In summary, our work highlights the importance of IRF8 in orchestrating adaptive NK cell antiviral responses. Because proinflammatory cytokines are necessary and sufficient for IRF8 upregulation in NK cells, it will be of interest to test whether IRF8 is similarly induced and required for the function of other innate lymphoid cell (ILC) lineages, which lack antigen receptors and are thought to initiate antimicrobial responses by sensing cytokines, alarmins, and inflammatory mediators (Sonnenberg and Artis, 2015). Analogous to expansion of mouse Ly49H+ NK cells during MCMV infection, HCMV-seropositive individuals exhibit an expanded and long-lived population of NKG2C+ NK cells (Gumá et al., 2004; Hendricks et al., 2014; Lopez-Vergès et al., 2011) that are capable of recall responses (Foley et al., 2012). Whether these adaptive NK cell responses in humans similarly require IRF8 during HCMV infection remains to be determined. Nevertheless, our results uncover molecular events that provide insight into the upstream regulation and downstream transcriptional program of IRF8, and shed light on ways to modulate NK cell antiviral immunity for therapeutic benefit.

STAR Methods

Contact for Reagent and Resource Sharing

Further information and requests for resources and reagents should be directed to and will be fulfilled by the Lead Contact, Joseph Sun (sunj@mskcc.org).

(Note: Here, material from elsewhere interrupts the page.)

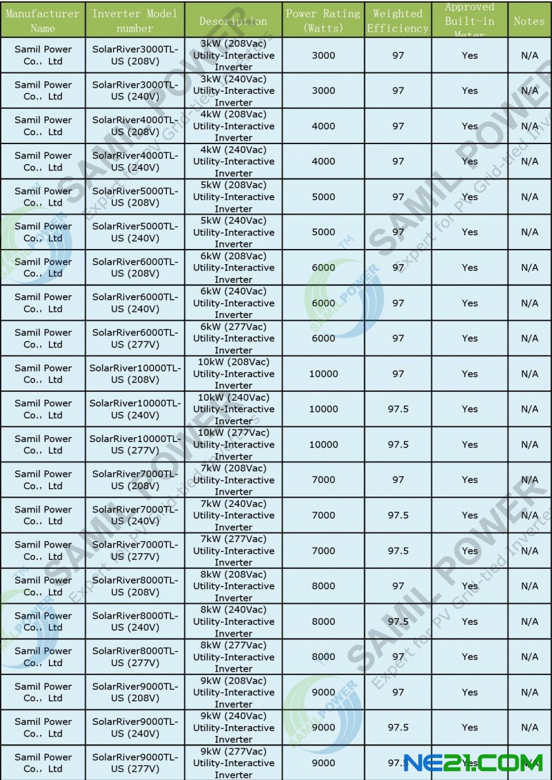 从上图中山亿新能源列名美国CEC榜单的机器有20余种,其中效率高达97.5%,从效率方面来看远远领先国内同功率逆变器,并且在元器件选材都采用国际顶尖品牌供应商,保证各个配件的质量和性能。该系列机型拥有无变压器的设计、宽范围的MPPT、体积小、安装简单等特点。山亿新能源相关负责人透露,山亿新能源针对美国研发的机型已经取得权威的CSA认证,在美国各州畅通无阻,在分布式电站项目中也拥有极大的竞争力,并且优势已在许多分布式电站中显现出来。

Experimental Model and Subject Details

Mice

All mice used in this study were housed and bred under specific pathogen-free conditions at Memorial Sloan Kettering Cancer Center, and handled in accordance with the guidelines of the Institutional Animal Care and Use Committee (IACUC). The following mouse strains were used in this study: C57BL/6 (CD45.2), B6.SJL (CD45.1), B6 CD45.1×CD45.2, Irf8−/−, Irf8fl/fl, Nkp46iCre (Narni-Mancinelli et al., 2011), Nkp46iCre Irf8fl/fl, UbcCre-ERT2, UbcCre-ERT2 Irf8fl/fl, Klra8−/− (Ly49H-deficient) (Fodil-Cornu et al., 2008), Ifngr1−/−, Il12rb2−/−, Stat4−/−, Ifnar1−/−, Stat1−/−, Il18r1−/−, m157-Tg (Tripathy et al., 2008), Rag2−/− IL2rg−/−, and Zbtb32−/− (Hirahara et al., 2008). Experiments were conducted using age- and gender-matched mice in accordance with approved institutional protocols.

Virus

MCMV (Smith strain) was serially passaged through BALB/c hosts three times, and then salivary gland viral stocks were prepared with a dounce homogenizer for dissociating the salivary glands of infected mice 3 weeks after infection. Recombinant VSV-m157 was made by cloning the coding sequence for the MCMV glycoprotein m157 into the parental VSV Indiana strain provided by K. Schluns (MD Anderson) (Firth et al., 2013).

Method Details

Mixed Bone Marrow Chimeras

Mixed bone marrow chimeric mice were generated by lethally irradiating (900 cGy) host CD45.1×CD45.2 animals and reconstituting them with a 1:1 mixture of bone marrow cells from WT (CD45.1) and genetic-deficient (CD45.2) donor mice. Hosts were co-injected with anti-NK1.1 (clone PK136) to deplete any residual donor or host mature NK cells. CD45.1+CD45.2+ host NK cells were excluded from all analyses.

In vivo Virus Infection

Adoptive co-transfer studies were performed by transferring splenocytes from WT (CD45.1) and genetic-deficient (CD45.2) mice, mixed to achieve equal numbers of Ly49H+ KLRG1lo NK cells, into Klra8−/− recipients 1 day prior to MCMV infection. Recipient mice in adoptive co-transfer studies were infected either with MCMV by i.p. injection of 7.5 × 102 plaque-forming units (PFU) in 0.5 mL or with VSV-m157 by i.v. injection of 1×107 PFU in 0.2 mL. Mixed bone marrow chimeric mice and mice in survival experiments received 7.5 × 103 PFU or 4 × 104 PFU MCMV respectively in 0.5 mL by i.p. injection.

In some experiments, recipient mice were treated for 3 consecutive days with 4 mg/day of tamoxifen (Sigma) dissolved in 0.2 mL corn oil or with 0.2 mL corn oil control (Sigma) by oral gavage, beginning on day 7 after infection.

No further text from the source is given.